Newsflash: we think that's fascism.

How does this relate to literary analysis, you may ask? Easy. If and when you see a critic psychoanalyzing a character in a literary text, attack. Show that critic that desire acts on characters in literature through many other operations—economics, hunger, ethnic persecution, and politics. Desire isn't just about killing your dad and sleeping with your mother. If you analyze everything that way, you're forcing everything to fit into one, neat, Freudian box.

The weed is the Nemesis of human endeavor. Of all the imaginary existences we attribute to plant, beast and star the weed leads the most satisfactory life of all. True, the weed produces no lilies, no battleships, no Sermons on the Mount. The weed exists only to fill the waste spaces left by cultivated areas. It grows between, among other things. [From A Thousand Plateaus: Capitalism and Schizophrenia]

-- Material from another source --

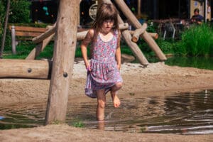 - Natuurlijke speelbeekjes met hoogteverschillen, zand en keien

More simply put (if that's at all possible for me), look for meanings that live in between, under, and wrapped around the obvious. Think like a weed. Is there a sexual subtext to the Sermon on the Mount? Absolutely not, you say—but are you sure? Ask a gay person to analyze or write about religious texts, and you may get a different answer.

So yes, I mean to say that gay literary critics are like weeds living in the dominant language of critical theory. (There's this thing call queer theory. Check it out.) That's a positive thing, in case you were wondering.

You may find these kinds of meanings lurking in the spaces left open by the dominant, more traditional methods of literary criticism, like structuralism or formalism. Minor literary criticism, like minor literature, can help you think like a weed and find meaning in the in-between spaces.